Role-playing gamers are perhaps overly familiar with these two well-trodden paths, neither of them feeling anymore like the road less taken. Robert Frost would be nonplussed. But after all the choose-your-own-adventure options we’ve been enjoying in games like Oblivion, BioShock, and Mass Effect, not having the disjointed options would come off as a limiting oversight. These two paths don’t converge in Sacred 2 either, so you must decide from the onset whether you’re traversing the land of Ancaria to restore yin-yang to a world stricken off balance, or to tip those scales of power in your favor. There’s no room for ambiguity in Ancaria. You’re either for it, or against it.
During CDV Editors Day ’08, I enjoyed spoonfuls of a very tasty hands-on demo of German developer Ascaron’s healthy little baby. Although “little” becomes an obvious misnomer the moment you stare at the immense map, stretching across 22 square miles (35 square kilometers). This is boldly approaching half the size of World of Warcraft’s Azeroth, but remember: Sacred 2 isn’t an MMO, it’s a single-player action RPG.

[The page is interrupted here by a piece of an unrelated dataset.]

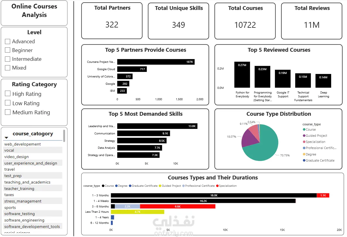 يقدم هذا المشروع تحليلاً شاملاً لبيانات الدورات التدريبية عبر الإنترنت، بهدف استخراج رؤى استراتيجية حول محركات السوق التعليمي الرقمي. تم تصميم لوحة البيانات (Dashboard) لتمكين صناع القرار من فهم توزيع المحتوى التعليمي، مهارات المستقبل الأكثر طلباً، وأداء الشركاء ومقدمي الخدمة بناءً على تفاعل المستخدمين.

But “single-player” is also a tad misleading when up to 16 players (on the PC) can drop in and out throughout the course of my travels. In fact, Sacred 2 is heavily-geared towards seamless multiplayer interaction, allowing extra players to pop in and out on-the-fly, with monster populations and stats scaling up and down behind the scenes, playing up to its player-character competition. Sacred 2 is prepared to match any challenge you and 15 others can throw at it, allowing you to save your progress by any means necessary. Not only that, Ascaron is working feverishly to make ad hoc connections happen for online players. You might be sitting next to someone on an airplane, and be able to jump into a multiplayer match with them right then and there, as quickly and easily as other portable gaming devices like Nintendo DSes and Sony PSPs. We’ll see just how ironed-out this feature is by the time the game goes gold, or if they had to ultimately abandon this incredibly rare feature for RPG gamers.

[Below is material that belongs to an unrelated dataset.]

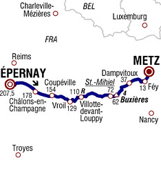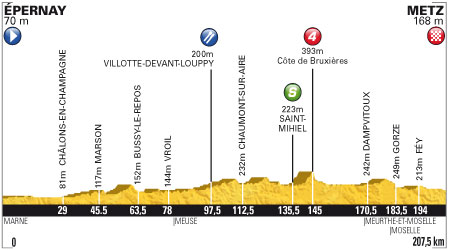 ![]() vendredi 6 juillet 2012 ![]() (Marne) : Épernay (km 0) - Bisseuil (km 6) - Tours-sur-Marne (km 7.5) - Condé-sur-Marne (km 13) - Aigny (km 15) - Vraux (km 17.5) - Juvigny (km 19) - Recy (km 25.5) - Saint-Martin-sur-le-Pré (km 27) - Châlons-en-Champagne (km 29) - Saint-Memmie (km 33.5) - Longevas (km 41) - Marson (km 45.5) - Saint-Jean-sur-Moivre (km 50) - Coupéville (km 53) - Le Fresne (km 54.5) - Bussy-le-Repos (km 63.5) - Possesse (km 67.5) - Charmont (km 73) - Vroil (km 78) - (Meuse) : Nettancourt (près) (km 82.5) - Brabant-le-Roi (près) (km 87) - Laheycourt (km 92.5) - Villotte-devant-Louppy (km 97.5-ravitaillement) - Lisle-en-Barrois (km 101) - Rembercourt-Sommaisne (km 106) - Chaumont-sur-Aire (km 112.5) - Longchamps-sur-Aire (près) (km 117) - Pierrefitte-sur-Aire (km 119) - Fresnes-au-Mont (km 128) - Chauvoncourt (km 134) - Saint-Mihiel (km 135.5-sprint) - Côte de Buxières (km 145-GPM4) - Woinville (km 147.5) - Buxérulles (km 148.5) - Buxières-sous-les-Côtes (km 149.5) - Heudicourt-sous-les-Côtes (km 152) - Saint-Benoît-en-Woëvre (km 165.5) - (Meurthe-et-Moselle) : Dampvitoux (km 170.5) - Champs (km 175) - Les Baraques (km 179) - (Moselle) : Gorze (km 183.5) - Novéant-sur-Moselle (km 189) - Corny-sur-Moselle (km 191) - Féy (km 194) - Augny (près) (km 198) - Marly (km 200) - Montigny-lès-Metz (km 202.5) - entrée Metz (km 204) - Metz (km 205). ![]() ![]() ![]() 194 partants - Aujourd'hui c'est au km 5 que part l'échappée matinale. Elle est lancée par Zabriskie, suivi de Malacarne, Zingle, et Kroon. - Au km 37, une chute intervient dans le peloton touchant notamment Greipel le vainqueur de la veille. Les échappés sont toujours devant lorsque, à 25 km du but, une nouvelle chute importante entraine une partie du peloton à terre. Danielson, Poels, Astarloza, Vigano abandonnent. Rolland, Hesjedal, Valverde, Gesink, Vansummeren et Frank Schleck sont également à terre. Le Luxembourgeois et Valverde vont y laisser 2'09" sur les favoris. - Les échappés sont repris à 2.5 km du but sauf Zabriskie qui résistera 1 km de plus et sera repris par les Lotto de Greipel mais Sagan est le plus puissant et l'emporte avec son maillot vert. Cancellara toujours en jaune. ![]() Étape : ![]() 1. Peter Sagan (Svq) en 4h37'00" (moy. 44.404 km/h) 2. André Greipel (All) 3. Matthew Harley Goss (Aus) 4. Kenny-Robert Van Hummel (Hol) 5. Juan José Haedo (Arg) 6. Gregory Henderson (Nzl) 7. Alessandro Petacchi (Ita) 8. Luca Paolini (Ita) 9. Daryl Impey (Afs) 10. Brett Lancaster (Aus) à 4" 11. Sébastien Hinault (Fra) 12. Roy Curvers (Hol) 13. Julien Simon (Fra) 14. Cadel Evans (Aus) 15. Bernhard Eisel (Aut) 16. Vincenzo Nibali (Ita) 17. Marco Marcato (Ita) 18. Andreas Klöden (All) 19. Samuel Sanchez (Esp) 20. Nicolas Roche (Irl) 21. Bradley Wiggins (Gbr) 22. Ruben Perez (Esp) 23. Maxime Monfort (Bel) 24. Michael Rogers (Aus) 25. Samuel Dumoulin (Fra) 26. Jürgen Van den Broeck (Bel) 27. Jürgen Roelandts (Bel) 28. Peter Velits (Svq) 29. George Hincapie (Usa) 30. Kris Boeckmans (Bel) 31. Egoi Martinez (Esp) 32. Jonathan Cantwell (Aus) 33. Tony Gallopin (Fra) 34. Philippe Gilbert (Bel) 35. Gorka Izagirre (Esp) 36. Christian Knees (All) 37. Fabian Cancellara (Sui) 38. Sylvain Chavanel (Fra) 39. Tejay Van Garderen (Usa) 40. Mikaël Chérel (Fra) 41. Jérôme Pineau (Fra) 42. Christopher Froome (Gbr) 43. Kevin De Weert (Bel) 44. Christopher Horner (Usa) 45. Jorge Azanza (Esp) 46. Levi Leipheimer (Usa) 47. Sébastien Minard (Fra) 48. Jérémy Roy (Fra) 49. Rémy Di Gregorio (Fra) 50. Haimar Zubeldia (Esp) 51. Denis Menchov (Rus) 52. Bert Grabsch (All) 53. Vladimir Gusev (Rus) 54. Ivan Basso (Ita) 55. Jérôme Coppel (Fra) 56. Eduard Vorganov (Rus) 57. Michael Schär (Sui) 58. Rui Alberto Costa (Por) 59. Baden Cooke (Aus) 60. Maxime Bouet (Fra) 61. Jens Voigt (All) 62. Alessandro Vanotti (Ita) à 15" 63. Danilo Hondo (All) à 16" 64. Marcel Sieberg (All) à 21" 65. Michael Mørkøv (Dan) à 32" 66. Marcus Burghardt (All) 67. Stephen Cummings (Gbr) 68. Davide Malacarne (Ita) 69. Jean-Marc Marino (Fra) 70. Pablo Urtasun (Esp) 71. Karsten Kroon (Hol) à 55" 72. David Zabriskie (Usa) 73. Adam Hansen (Aus) à 57" 74. Manuel Quinziato (Ita) à 1'10" 75. Lars Ytting Bak (Dan) à 1'20" 76. Simon Gerrans (Aus) à 1'22" 77. Stuart O'Grady (Aus) 78. Rein Taaramäe (Est) à 4" 79. Romain Zingle (Bel) à 1'39" 80. Michele Scarponi (Ita) à 2'09" 81. Janez Brajkovic (Slo) 82. Fränk Schleck (Lux) 83. Cyril Gautier (Fra) 84. Sergio Miguel Paulinho (Por) 85. Pierre Rolland (Fra) 86. Thibaut Pinot (Fra) 87. Patrick Gretsch (All) 88. Bauke Mollema (Hol) 89. Arthur Vichot (Fra) 90. Christophe Riblon (Fra) 91. Chris Anker Sørensen (Dan) 92. Yauheni Hutarovich (Blr) 93. Giovanni Bernaudeau (Fra) 94. Sylwester Szmyd (Pol) 95. Jelle Vanendert (Bel) 96. Nick Nuyens (Bel) 97. Edvald Boasson Hagen (Nor) 98. Jean-Christophe Péraud (Fra) 99. Matthieu Ladagnous (Fra) 100. Rafael Valls (Esp) 101. Alejandro Valverde (Esp) 102. Marco Marzano (Ita) 103. Martin Velits (Svq) 104. Amaël Moinard (Fra) 105. Nicolas Edet (Fra) 106. Tony Martin (All) 107. Kristjan Koren (Slo) à 2'18" 108. Juan José Cobo (Esp) à 2'21" 109. Blel Kadri (Fra) à 3'13" 110. Robert Gesink (Hol) à 3'31" 111. Steven Kruijswijk (Hol) 112. Borut Bozic (Slo) à 3'52" 113. Michael Albasini (Sui) à 4'53" 114. Sebastian Langeveld (Hol) 115. Sandy Casar (Fra) à 5'11" 116. Koen De Kort (Hol) à 6'02" 117. Albert Timmer (Hol) 118. Andrey Kashechkin (Kaz) 119. Tom Veelers (Hol) 120. Joan Horrach (Esp) 121. Yuriy Krivtsov (Fra) 122. Mark Renshaw (Aus) 123. Mark Cavendish (Gbr) 124. Pierrick Fedrigo (Fra) 125. Yaroslav Popovych (Ukr) 126. Andriy Grivko (Ukr) 127. Pieter Weening (Hol) 128. Cédric Pineau (Fra) 129. Johnny Hoogerland (Hol) 130. Thomas Voeckler (Fra) 131. Yohann Gène (Fra) 132. Daniel Oss (Ita) 133. David Moncoutié (Fra) 134. Giampaolo Caruso (Ita) 135. Oscar Freire (Esp) 136. Luis Leon Sanchez (Esp) 137. Vincent Jérôme (Fra) 138.

The Xbox 360 and PlayStation 3 versions (trailing the PC’s release date by a couple months) shrink this small-form MMO action to a rate that consoles can readily handle -- due to “memory issues,” publisher CDV Quality Assurance Manager Mike Tata informs. The less beefy 360 and PS3 are limited to four-person multiplayer, with everybody restrained to holding hands on the same screen, Gauntlet-style, whereas the PC version will allow its cavalcade of players to roam wild and free across its canvas. While it would be ridiculous to have 16 players tethered to a single screen, a lot of time can be spent trying to pinpoint and catch up to one another on the PC.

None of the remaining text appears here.